The listing below contains a span that opens with the line containing "그러나 캠핑을 시작하는" and closes with the line containing "山梨県の一般社団法人甲府医師". Return that span exactly.

* [Supplied data]
-------------------------
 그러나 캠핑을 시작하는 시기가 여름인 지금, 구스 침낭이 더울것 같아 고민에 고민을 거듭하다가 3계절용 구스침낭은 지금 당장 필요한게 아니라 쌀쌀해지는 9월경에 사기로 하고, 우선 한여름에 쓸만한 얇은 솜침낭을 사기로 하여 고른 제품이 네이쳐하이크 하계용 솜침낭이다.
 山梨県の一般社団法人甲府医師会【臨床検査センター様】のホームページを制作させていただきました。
-------------------------
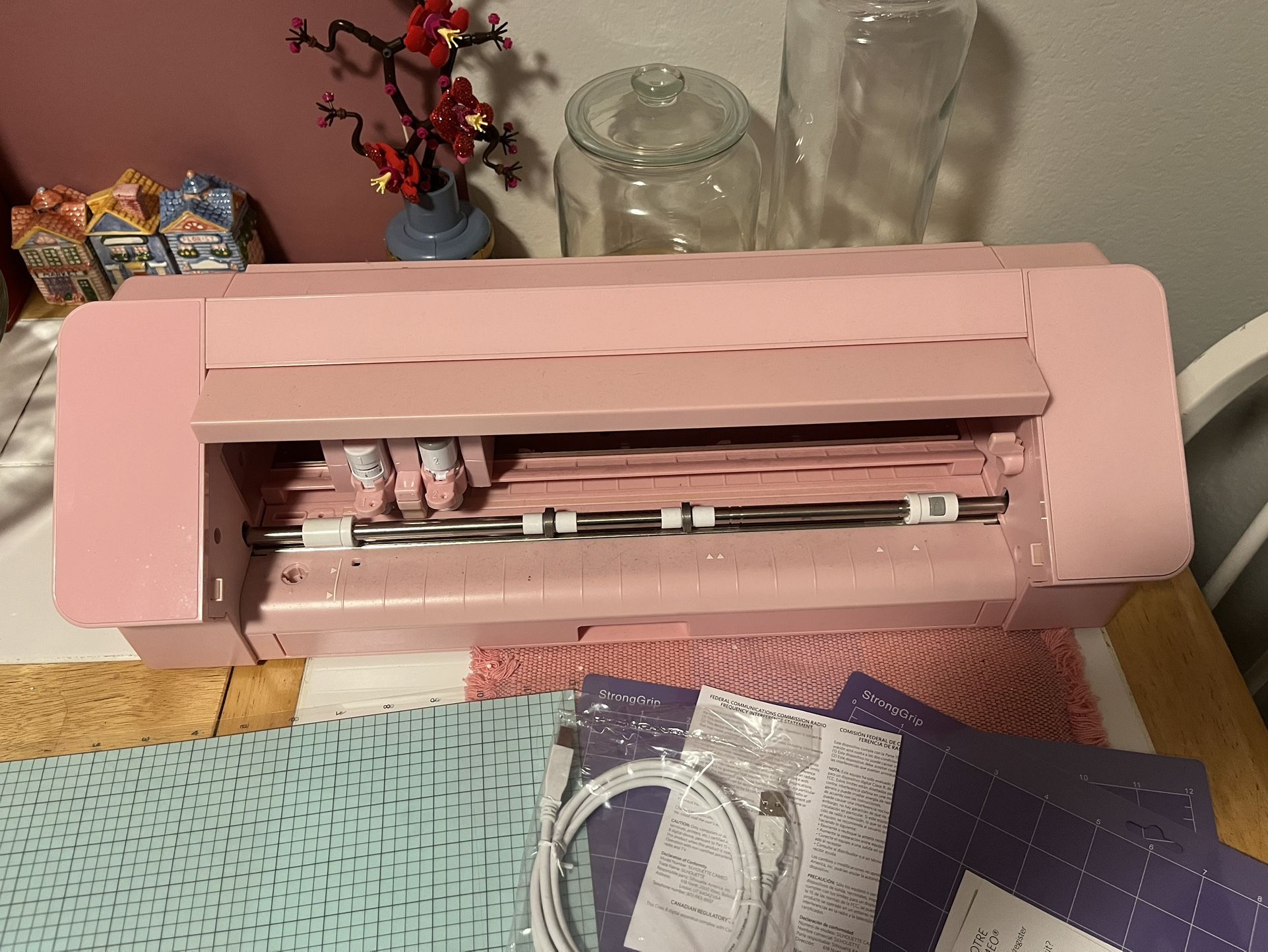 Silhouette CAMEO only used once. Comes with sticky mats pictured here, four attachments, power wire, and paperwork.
-------------------------
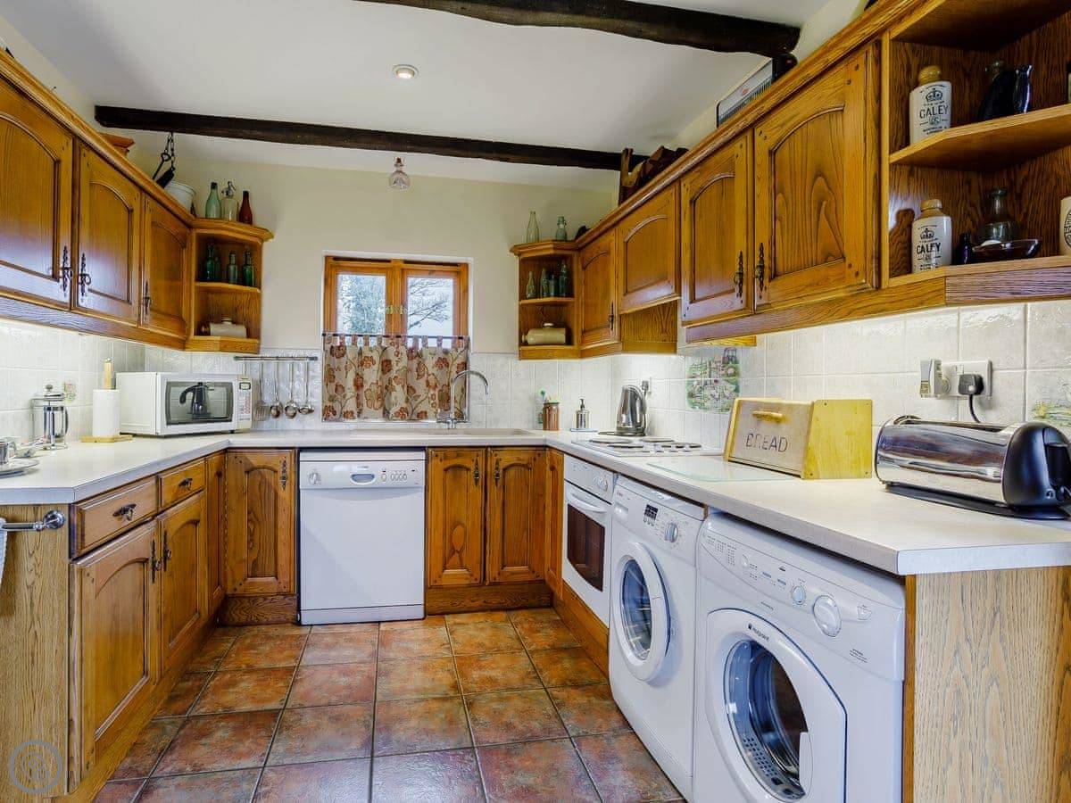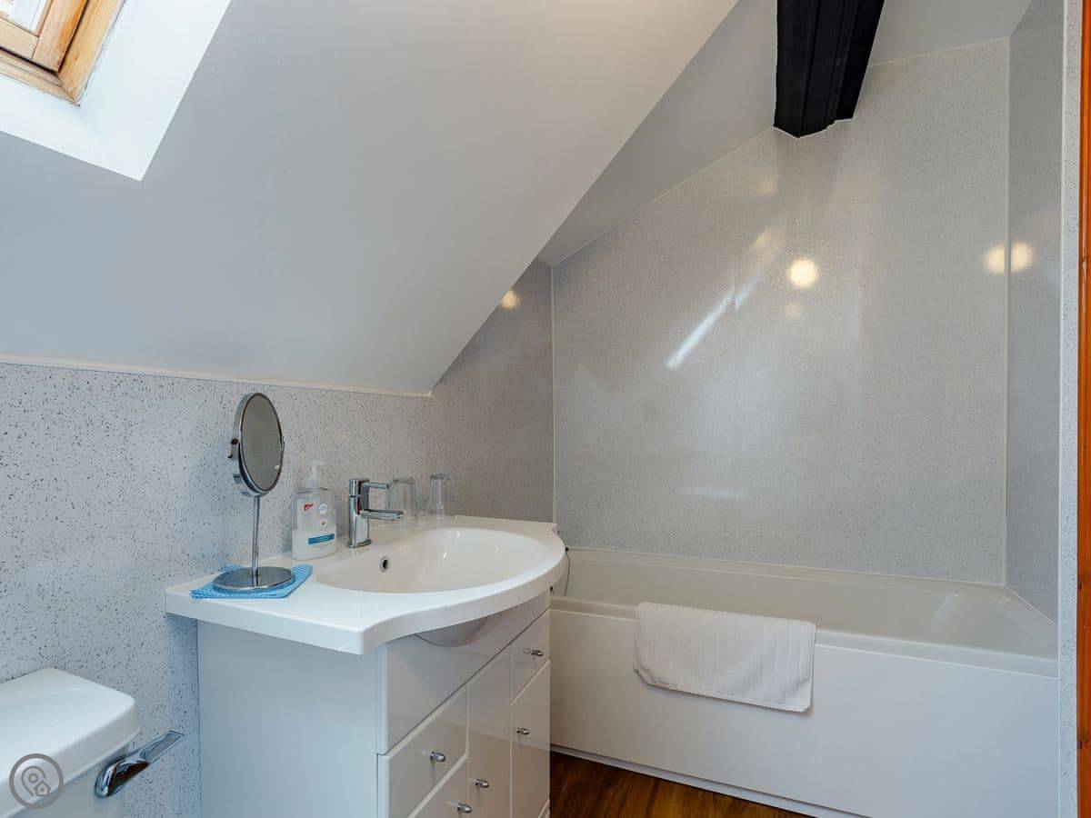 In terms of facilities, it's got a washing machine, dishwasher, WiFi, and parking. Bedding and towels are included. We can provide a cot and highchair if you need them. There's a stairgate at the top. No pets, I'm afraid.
-------------------------
* [Answer box]
 그러나 캠핑을 시작하는 시기가 여름인 지금, 구스 침낭이 더울것 같아 고민에 고민을 거듭하다가 3계절용 구스침낭은 지금 당장 필요한게 아니라 쌀쌀해지는 9월경에 사기로 하고, 우선 한여름에 쓸만한 얇은 솜침낭을 사기로 하여 고른 제품이 네이쳐하이크 하계용 솜침낭이다.
 山梨県の一般社団法人甲府医師会【臨床検査センター様】のホームページを制作させていただきました。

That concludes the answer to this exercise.